Pastor Ric Koehn of the Grace United Methodist Church was surprised at the closeness of the vote but he was very glad it did not pass.

"If our only concern as a community is economics, how much money do we lose because liquor cannot be sold on Sunday, then we have some major problems," Koehn said. "This community will survive without Sunday liquor sales. In fact, it might be blessed in ways that we can never fully appreciate," he added.

Pastor Lonnie Gleitz of Crystal Hills Assembly said the Paynesville Minis-terial Association strongly opposed Sunday liquor sales.

"I'm happy it did not pass. If people want to drink on Sunday, they can drink at home," Gleitz said. Families are distracted with so much stuff that parents should be spending quality time with their children on Sundays, he added.

"I believe there was a strong interest in the issue," said Doris Wendlandt, owner of Queen Bee's Bar and Grill who asked the city council for the referendum.

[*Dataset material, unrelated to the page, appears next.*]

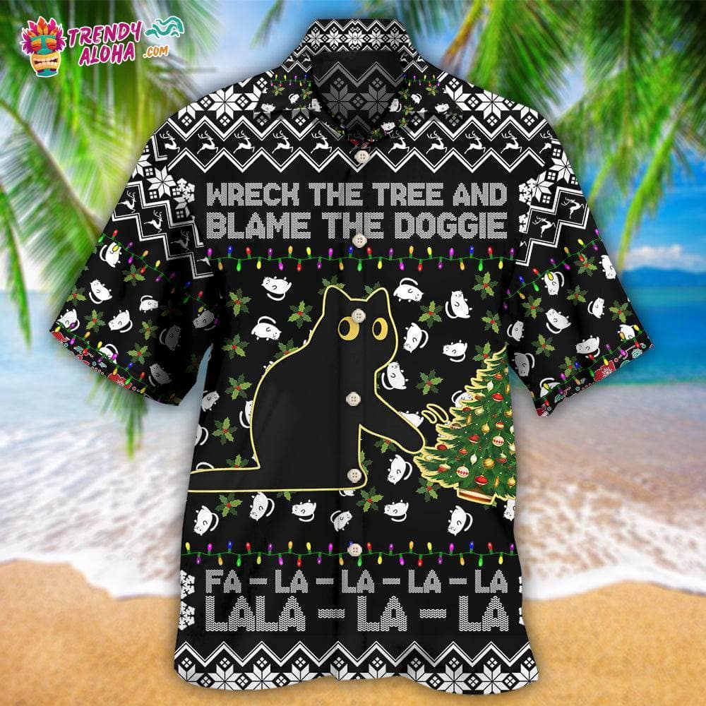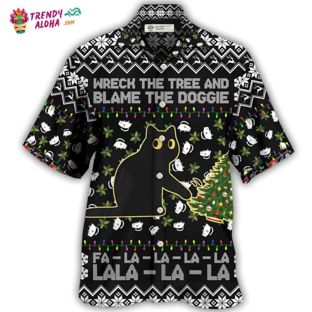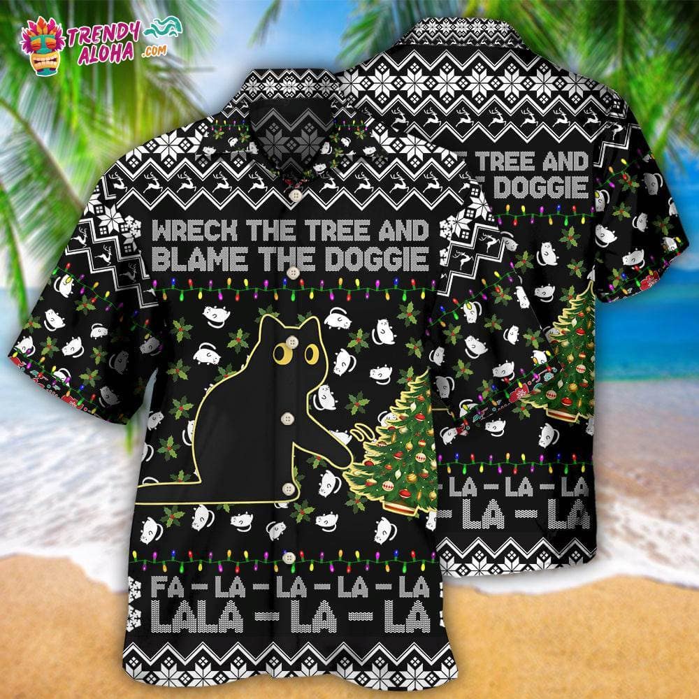Black Cat Wreck The Tree And Blame The Doggie Merry Christmas La La Hawaiian Shirt – Trendy KLA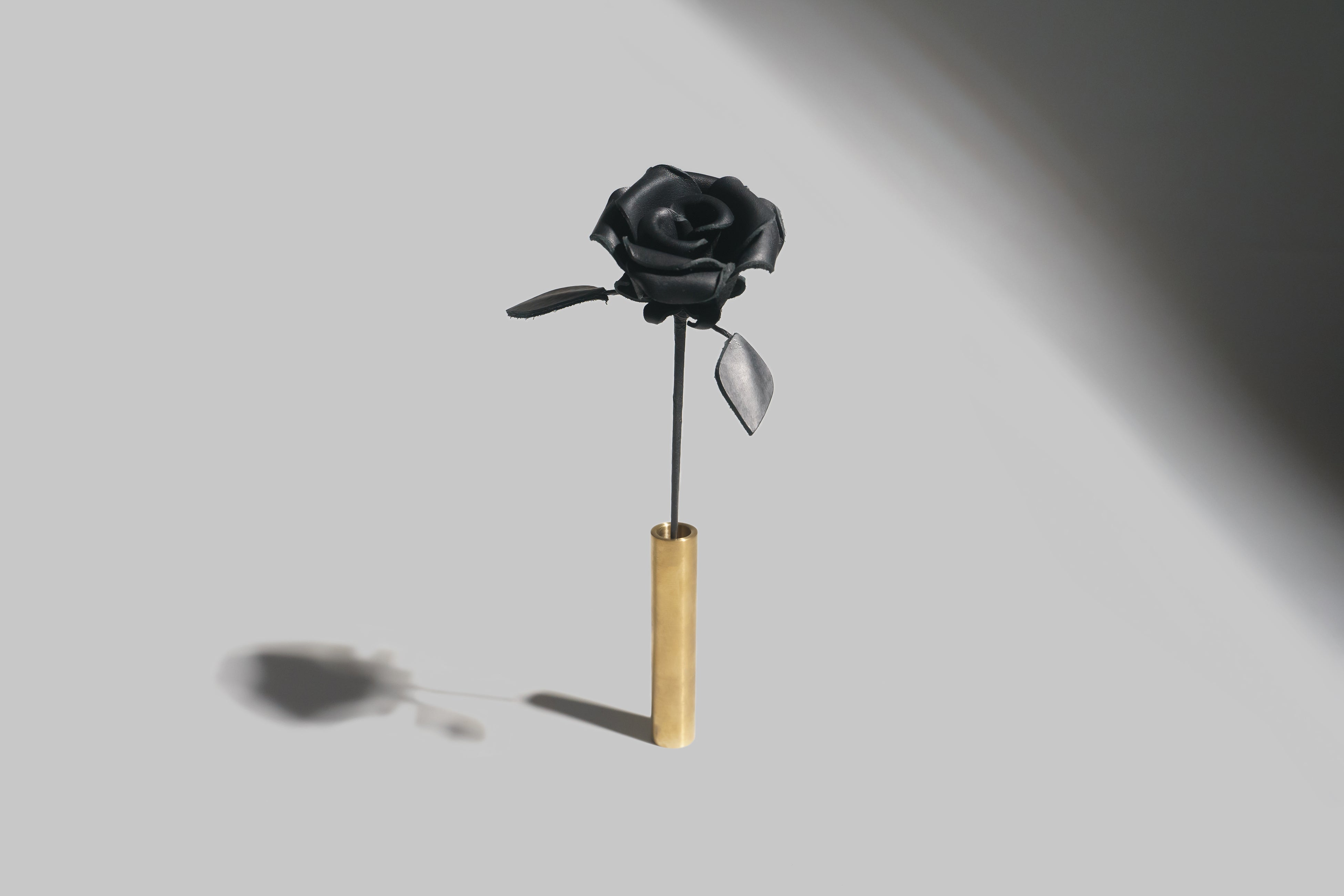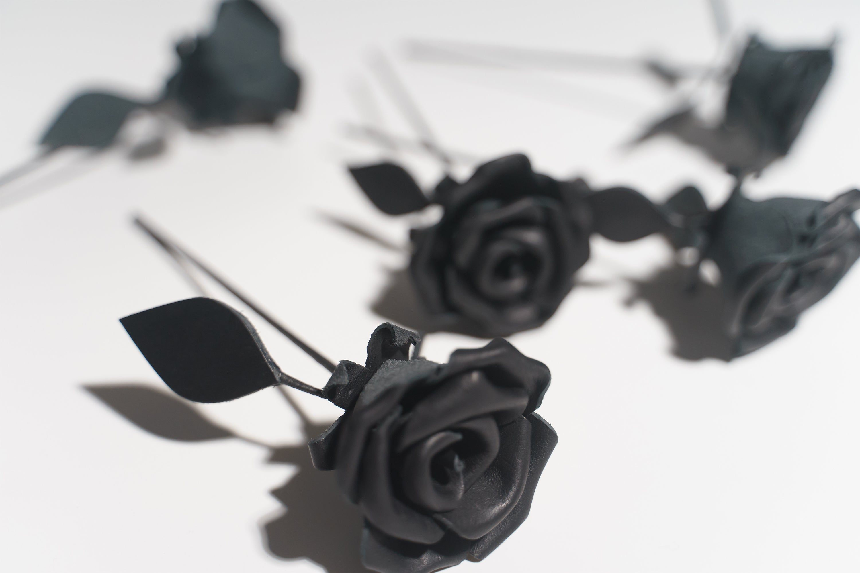 Aging Rose(エイジングローズ)は、鞄や財布などに多く使われる上質なヌメ革を贅沢に使用したローズのオブジェです。そのAging Roseにブラックカラーが新たに加わりました。

The voter turnout was fantastic, she added. Despite the votes failure, Wendlandt was happy to see so many show up to vote on the issue.

Wendlandt feels the community needs to work together to keep people shopping and doing business in Paynesville. "If Paynesville cannot provide what they want, people will drive to another town where it is available," Wendlandt said.

Lucy Hoppe, bar manager at the Paynesville American Legion, was also surprised at the closeness of the vote.

Hoppe would like to have the option to be open on Sunday. "It really doesn't affect us. The Legion would not have the regular bar open. But it would be nice to use the bar for anniversary or special occasion parties in the banquet room," she added.

Being in the food business, Wendlandt has considered being open Sundays, but doesn't feel it is feasible at this time. Wendlandt is considering asking the council to put the question to a vote again.

According to state law, a city can vote on the Sunday liquor issue every six months.